* DATASET EXCERPT *
>>>

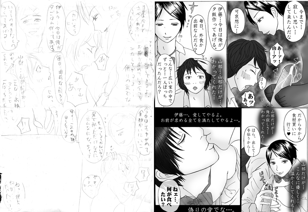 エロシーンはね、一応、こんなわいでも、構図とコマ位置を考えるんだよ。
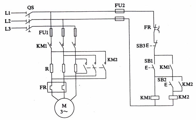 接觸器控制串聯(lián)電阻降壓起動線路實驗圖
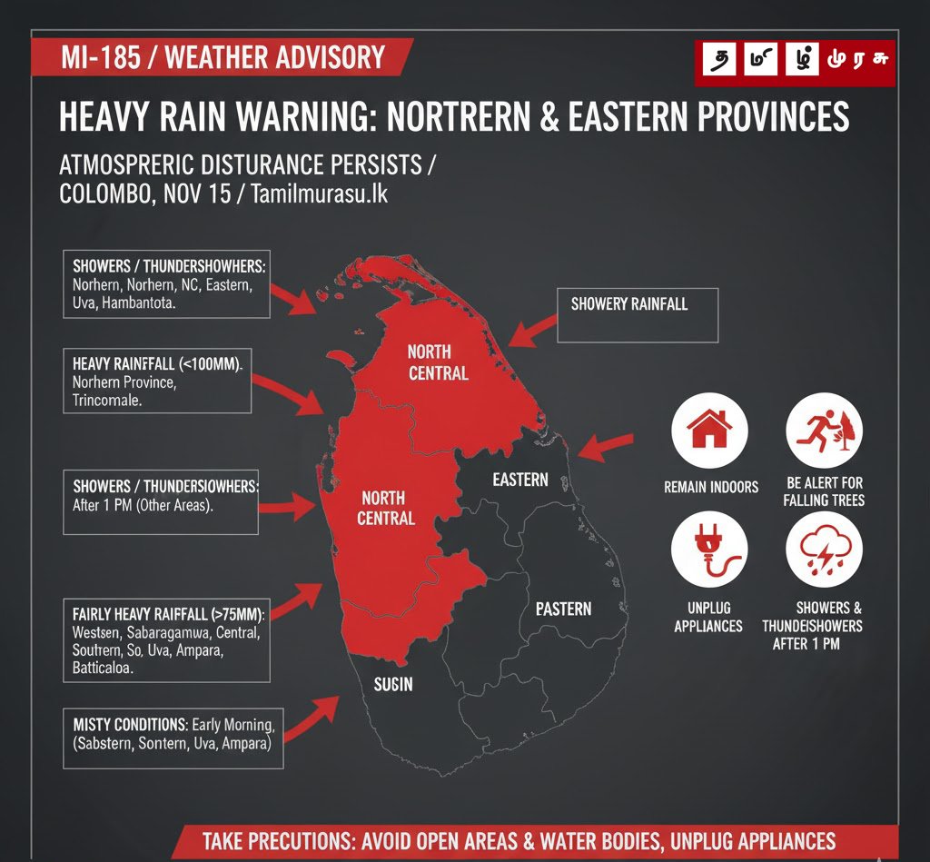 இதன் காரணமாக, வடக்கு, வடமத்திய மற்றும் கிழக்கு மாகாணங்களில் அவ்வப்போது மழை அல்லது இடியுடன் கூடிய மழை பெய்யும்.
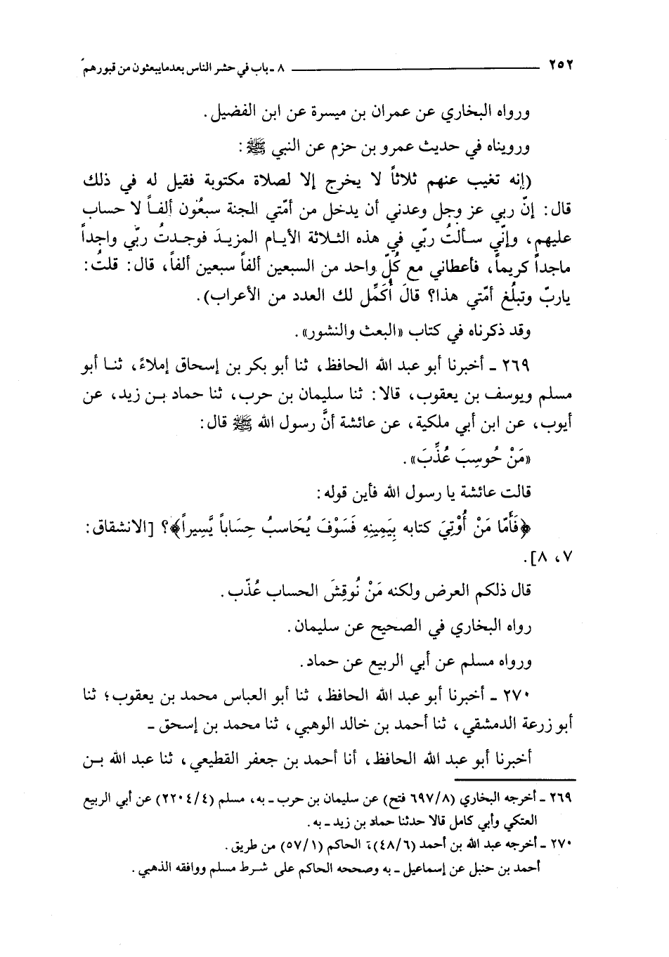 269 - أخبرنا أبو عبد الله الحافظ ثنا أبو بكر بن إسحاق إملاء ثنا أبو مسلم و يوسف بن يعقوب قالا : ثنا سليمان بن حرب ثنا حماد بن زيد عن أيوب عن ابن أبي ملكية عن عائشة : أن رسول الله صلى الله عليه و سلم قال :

<<<

Starting at the line above that holds "接觸器控制串聯(lián)電阻降壓起動線路實驗圖", repeat every line exactly down to and including the line that holds "இதன் காரணமாக, வடக்கு, வடமத்திய", then stop. Do not carry over any pictures.

 接觸器控制串聯(lián)電阻降壓起動線路實驗圖
 இதன் காரணமாக, வடக்கு, வடமத்திய மற்றும் கிழக்கு மாகாணங்களில் அவ்வப்போது மழை அல்லது இடியுடன் கூடிய மழை பெய்யும்.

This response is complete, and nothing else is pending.